Clearly, companies must look beyond
immediate, obvious risks and learn to evaluate aftereffects that could
destabilize whole value chains, including all direct and indirect business
relationships with stakeholders. A thorough analysis of direct threats is
always necessary—but never sufficient .
Competitors
Often the most important area to
investigate is the way risks might change a company’s cost position versus its
competitors or substitute products. Companies are particularly vulnerable to
this type of risk cascade when their currency exposures, supply bases, or cost
structures differ from those of their rivals. In fact, all differences in
business models create the potential for a competitive risk exposure, favorable
or unfavorable. The point isn’t that a company should imitate its competitors
but rather that it should think about the risks it implicitly assumes when its
strategy departs from theirs.
Consider the impact of fuel price hedging
on fares in the highly competitive airline industry. If the airlines covering a
certain route don’t hedge, changes in fuel costs tend to percolate quickly
through to customers—either directly, as higher fares, or indirectly, as fuel
surcharges. If all major companies covering that route are fully hedged,
however, that would offset changes in fuel prices, so fares probably wouldn’t
move. But if some players hedge and others don’t, fuel price increases force
the nonhedgers to take a significant hit in margins or market share while the
hedgers make windfall profits.
Companies must often extend the
competitive analysis to substitute products or services, since a change in the
market environment can make them either more or less attractive. In our airline
example, high fuel prices indirectly heighten the appeal of video-conferencing
technologies, which would drive down demand for business travel.
Supply chains
Classic cascading effects linked to supply
chains include disruptions in the availability of parts or raw materials,
changes in the cost structures of suppliers, and shifts in logistics costs.

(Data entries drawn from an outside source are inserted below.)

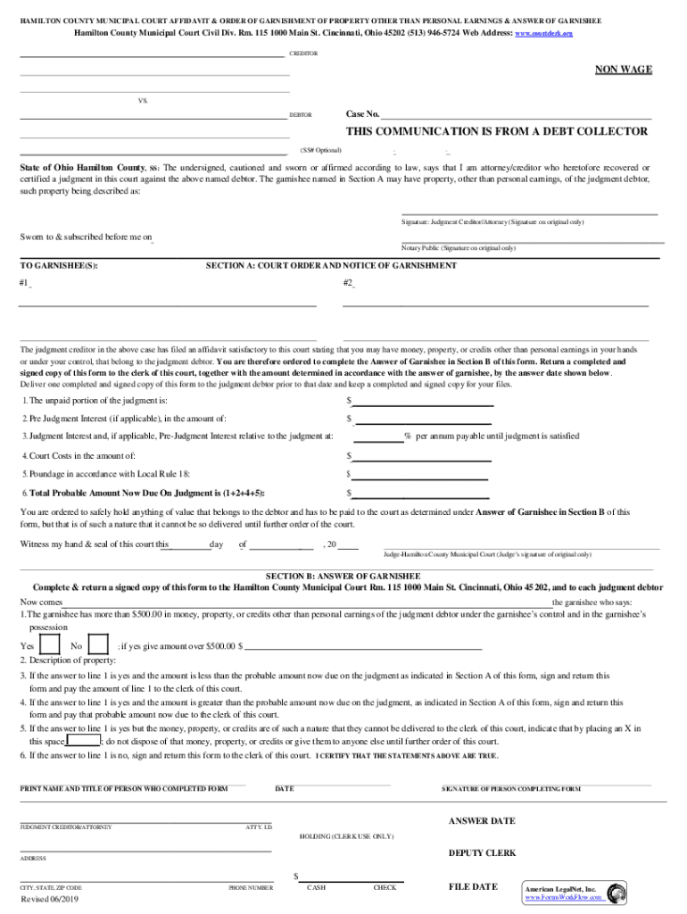 HAMILTON COUNTY MUNICIPAL COURT AFFIDAVIT & ORDER OF GARNISHMENT OF PROPERTY OTHER THAN PERSONAL EARNINGS & ANSWER OF GARNISHEE Hamilton County Municipal Court Civil Div. Rm. 115 1000 Main St. Cincinnati,
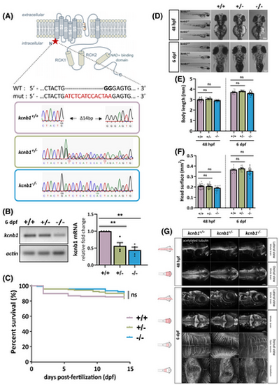 Genotypic characterization of a kcnb1 knockout (KO) zebrafish model without brain anatomical defects. (A) Schematic illustration of the generation of a kcnb1 KO zebrafish model obtained by Shen et al.40 The representation of the α-subunit kcnb1 is adapted from a previous schematic picture.44 Using the CRISPR-Cas9 (Clustered Regularly Interspaced Short Palindromic Repeats) system, the kcnb1 KO zebrafish model was generated by the insertion of a 14-bp nucleotide sequence (indicated in red) and of a 2-bp nucleotide deletion (indicated in black bold type) in the first exon of the gene, resulting in the introduction of a premature stop codon (∆14 bp), and localized between the N-terminal region and the first transmembrane domain of the protein (targeted sequence: GGAGCTGGACTACTGGGGAG in kcnb1 exon 1; ID zfin: ZDB-ALT-170417-2; indel mutation; line: kcnb1sq301/sq301). (B) Reverse transcription quantitative polymerase chain reaction analysis of total kcnb1 at 6 days post fertilization (dpf) demonstrating a significant decrease of kcnb1 mRNA in kcnb1+/− and kcnb1−/− compared with wild-type (WT; kcnb1+/+) larvae (N = 4; n = 30/sample; one-way analysis of variance [ANOVA] with Bonferroni post hoc test; **p < .01). Data are normalized to actin mRNA expression, and the condition kcnb1+/+ is considered as the reference value (relative fold change = 1). (C) Kaplan–Meier survival curve between 0 and 15 dpf showing that the loss of kcnb1 does not impact the normal growth of fish at early stages of development (see Table S1; N = 3; n = 121–169/genotype; log-rank test). (D) Images showing that kcnb1+/− and kcnb1−/− zebrafish do not show gross morphological changes at 48 hours post-fertilization (hpf) and 6 dpf (scale bar = 300 μm). (E, F) Quantification of major morphological aspects at 48 hpf and 6 dpf including measurement of (E) body length and (F) head surface. kcnb1 KO models (kcnb1+/− and kcnb1−/−) do not show any significant change in each parameter at different developmental stages as compared to kcnb1+/+ (N = 4; n = 28–38/genotype; one-way ANOVA with Bonferroni post hoc test). (G) Whole-mount images of embryonic (48 hpf) and larvae (6 dpf) zebrafish immunostained with anti-acetylated tubulin marker to identify global circuits of neuronal fibers (lateral and dorsal view; three-dimensional reconstruction; magnification = 20× with scale bar at 100 μm; magnification = 40× with scale bar at 20 μm). The loss of kcnb1 does not affect the neuronal brain density at different early stages of development (n = 5–7/genotype/developmental stage). ns, non-significant. |
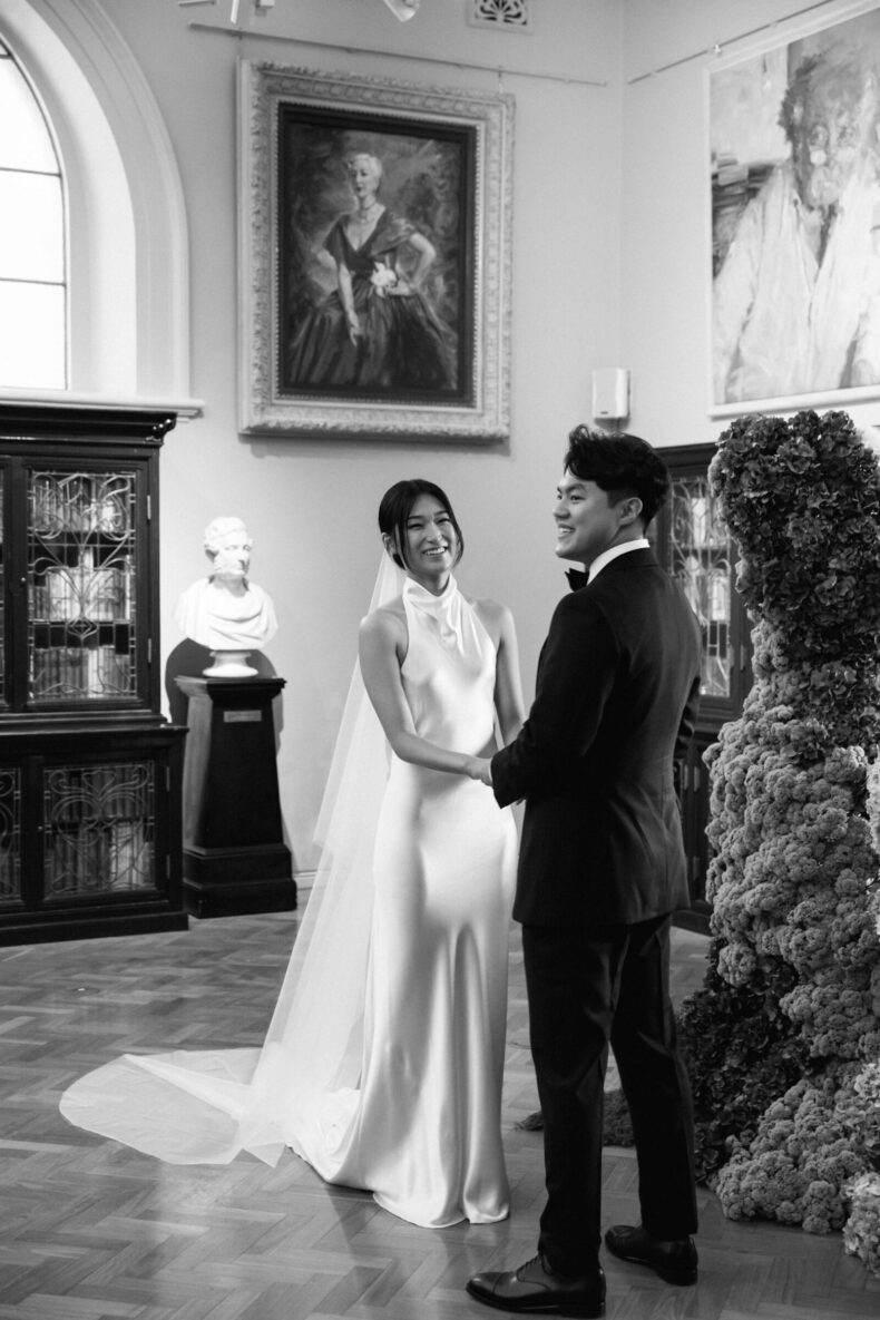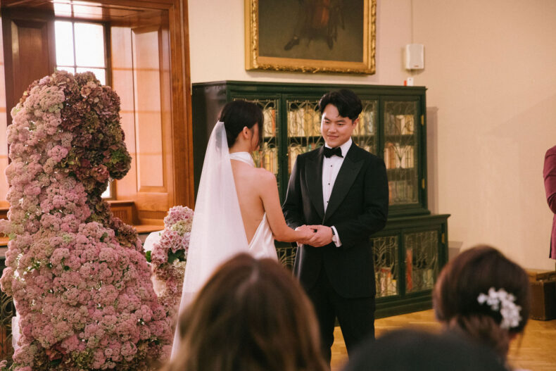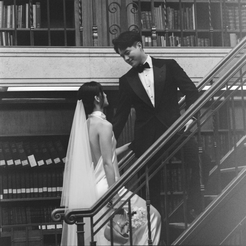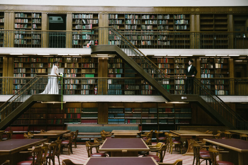 LE LIEU « Aaron et moi avions en fait choisi le lieu de la réception avant de décider du lieu de la cérémonie. Nous étions déterminés à célébrer notre journée spéciale à l’Opéra car il symbolise pour nous notre chez-soi. C’est à partir de là que nous avons décidé de tenir notre cérémonie à la Bibliothèque d’État, et deux facteurs ont joué un rôle central dans ce choix : sa proximité avec le lieu de réception et sa structure architecturale remarquable. »
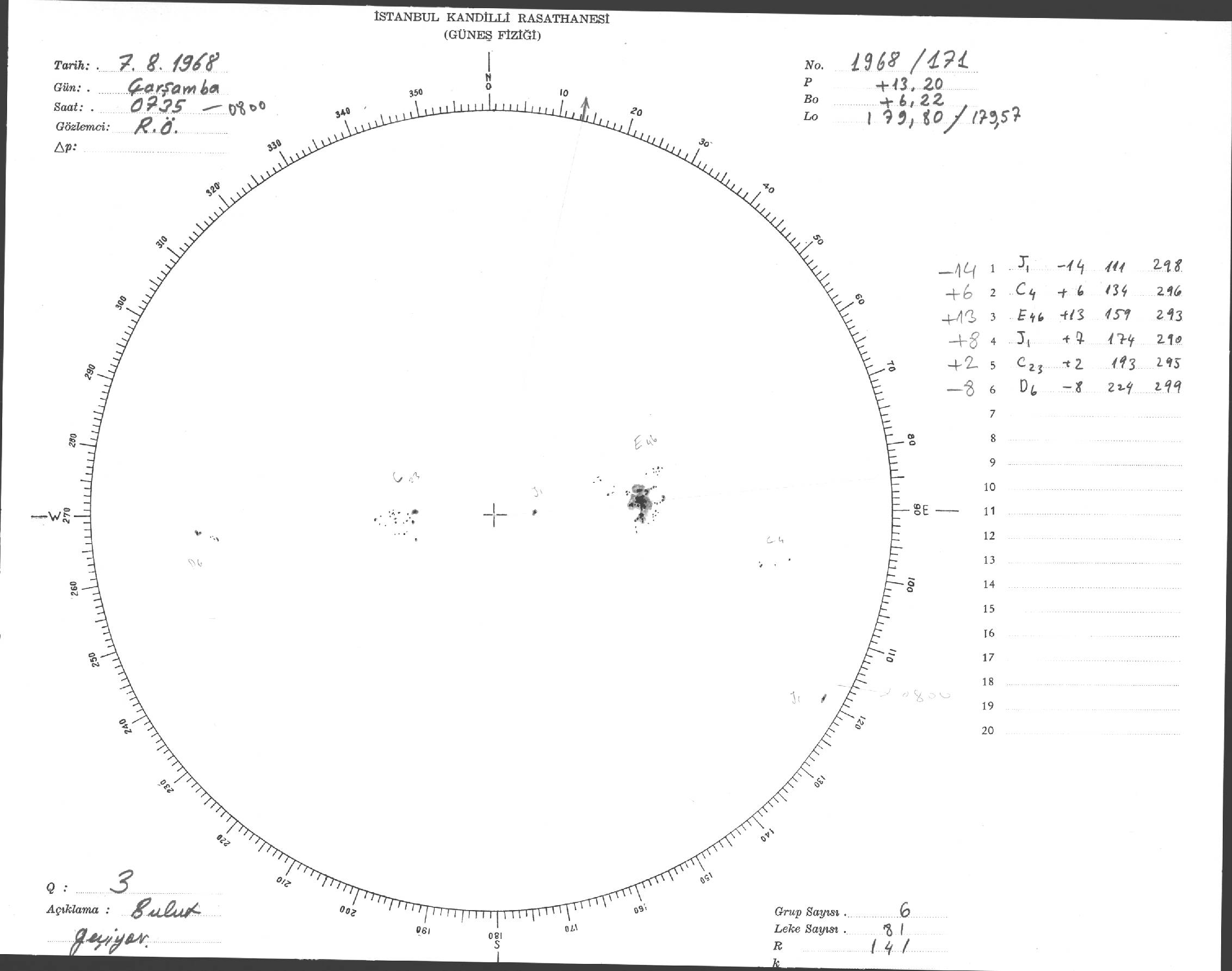 Güneş Lekesi Çizimi - 07.08.1968

When the price of oil reached $150 a barrel in 2008, for example, many offshore
suppliers became substantially less cost competitive in the US market. Consider
the case of steel. Since Chinese imports were the marginal price setters in the
United States, prices for steel rose 20 percent there as the cost of shipping it
from China rose by nearly $100 a ton. The fact that logistics costs depend
significantly on oil prices is hardly surprising, but few companies that buy
substantial amounts of steel considered their second-order oil price exposure
through the supply chain. Risk analysis far too frequently focused only on
direct threats—in this case, the price of steel itself—and oil prices didn’t
seem significant, even to companies for which fluctuating costs may well have
been one of the biggest risk factors.
Distribution
channels
Indirect risks can also lurk in
distribution channels: typical cascading effects may include an inability to
reach end customers, changed distribution costs, or even radically redefined
business models, such as those recently engendered in the music-recording
industry by the rise of broadband Internet access. Likewise, the bankruptcy and
liquidation of the major US big-box consumer electronics retailer Circuit City,
in 2008, had a cascading impact on the industry. Most directly, electronics
manufacturers held some $600 million in unpaid receivables that were suddenly
at risk. The bankruptcy also created important indirect risks for these
companies, in the form of price pressures and bargain-hunting behavior as
liquidators sold off discounted merchandise right in the middle of the peak
Christmas buying season.
Customer
response
Often, the most complex knock-on effects
are the responses from customers, because those responses may be so diverse and
so many factors are involved. One typical cascading effect is a shift in buying
patterns, as in the case of the Canadians who went shopping in the United
States with their stronger currency. Another is changed demand levels, such as
the impact of higher fuel prices on the auto market: as the price of gasoline
increased in recent years, there was a clear shift from large sport utility
vehicles to compact cars, with hybrids rapidly becoming serious contenders.
Consider too how the current recession has shrunk the available customer pool
in many product categories: demand for durable goods plummeted among consumers
holding subprime mortgages as their access to credit shrank, and demand for
certain luxury goods fell as even financially stable consumers turned away from
conspicuous consumption.
Effects on a
company’s risk profile
Risk cascades are particularly useful to
help assess the full impact of a major risk on a company’s economics. Exploring
how that risk propagates through the value chain can help management think
through—imperfectly, of course—what might change fundamentally when some
element in the business environment does.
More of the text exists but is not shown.